Growth secrets: how to master risk-based pricing
Better customer insights may get your competitors over the line before you
The advent of Comprehensive Credit Reporting (CCR) offers the industry the opportunity for a widespread paradigm shift in favour of risk-based pricing.
Innovative lenders have taken stock, seeing a way to enter new markets faster than ever before.
This is because CCR means more data that gives both a clearer view of client risk and enables more automation. By being able to better identify the riskiest clients, Fintechs are luring in more customers by injecting the marketplace with specially designed products at different rates, tailored to different risk groups.
Online only risk-based pricing products are priced attractively for the customer and cost efficient for the tech-savvy lender. Not only do they reduce the processing time to improve the end customer experience but they also keep costs down by reducing face-to-face operational time.
Snap up customers before your competitors do
Market leaders can see how CCR is transforming risk. The better lenders can understand the risk of their customers, the more likely they are to apply the right risk premium to cover expected losses.
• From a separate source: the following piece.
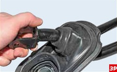 4. Вывернув чехол наизнанку, размотайте изоляционную ленту, охватывающую чехол рычага (при последуюущей сборке изоляционную ленту можно заменить на пластмассовый хомут).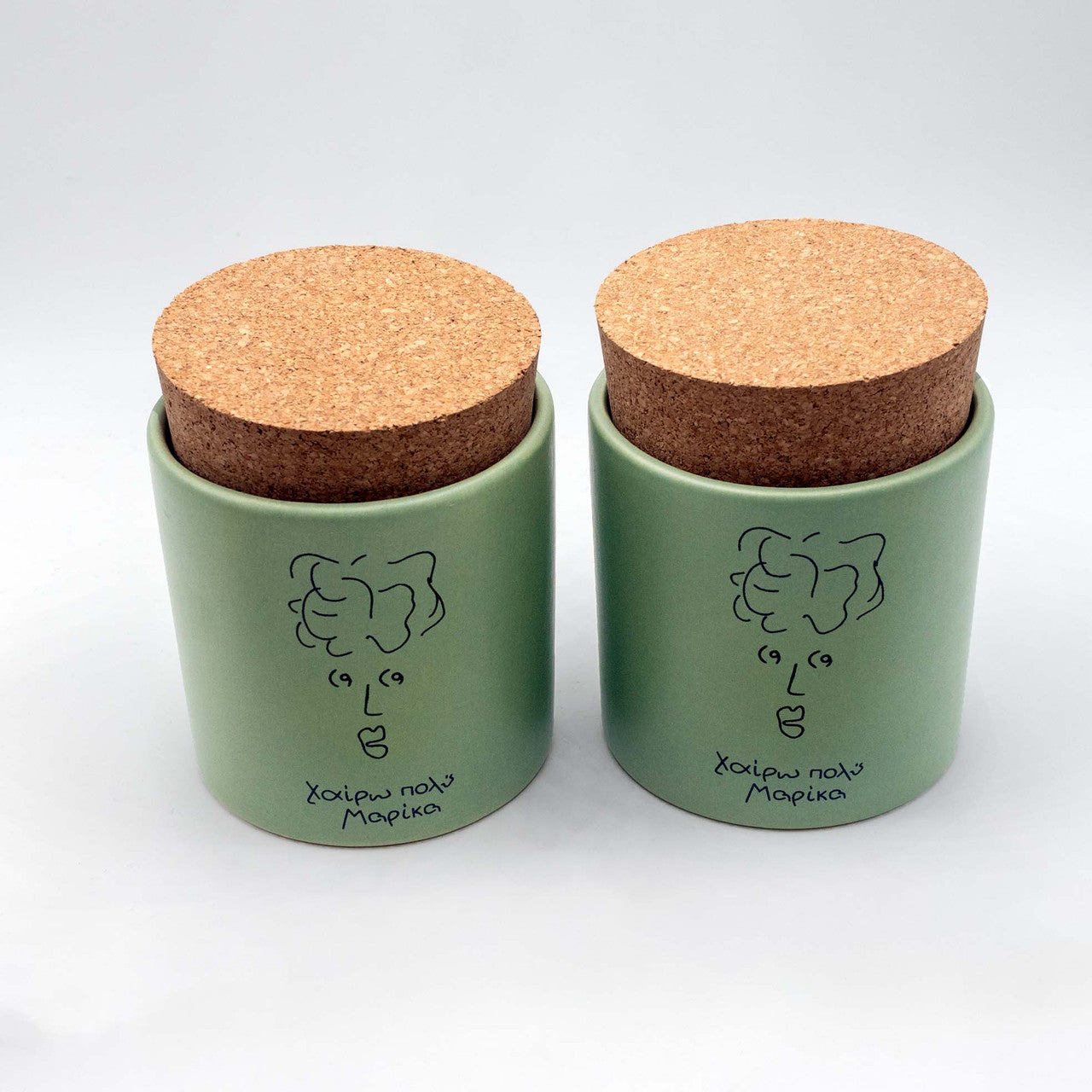 This set of 2 unique ceramic jar can be used to store ground coffee, sugar, salt.

The benefits work on both sides of the business, offering growth opportunities and reducing loss.
If a lender can beat a competitor to identify a low risk customer who is new to credit or a historically risky customer who is on the road to recovery, the lender will have the advantage of being able to offer a lower price and ultimately gain market share.
On the flip side, if a lender accurately assesses a customer as high risk and offers a higher price than a competitor, the lender will most likely lose the business. This is a positive outcome as it protects their business against losses from that customer defaulting.
A sign of things to come
Risk based pricing ultimately empowers customers. Although less than 10 percent of Australians know their credit score, emerging knowledge means the savviest customers can work the system.
Low risk customers can apply with a lender who participates in CCR and will reward them for their proven ability to repay open accounts on time. High risk customers can approach a lender with solely negative data, only to hide credit commitments.
The downstream effect is that customers can use credit risk knowledge to negotiate better rates.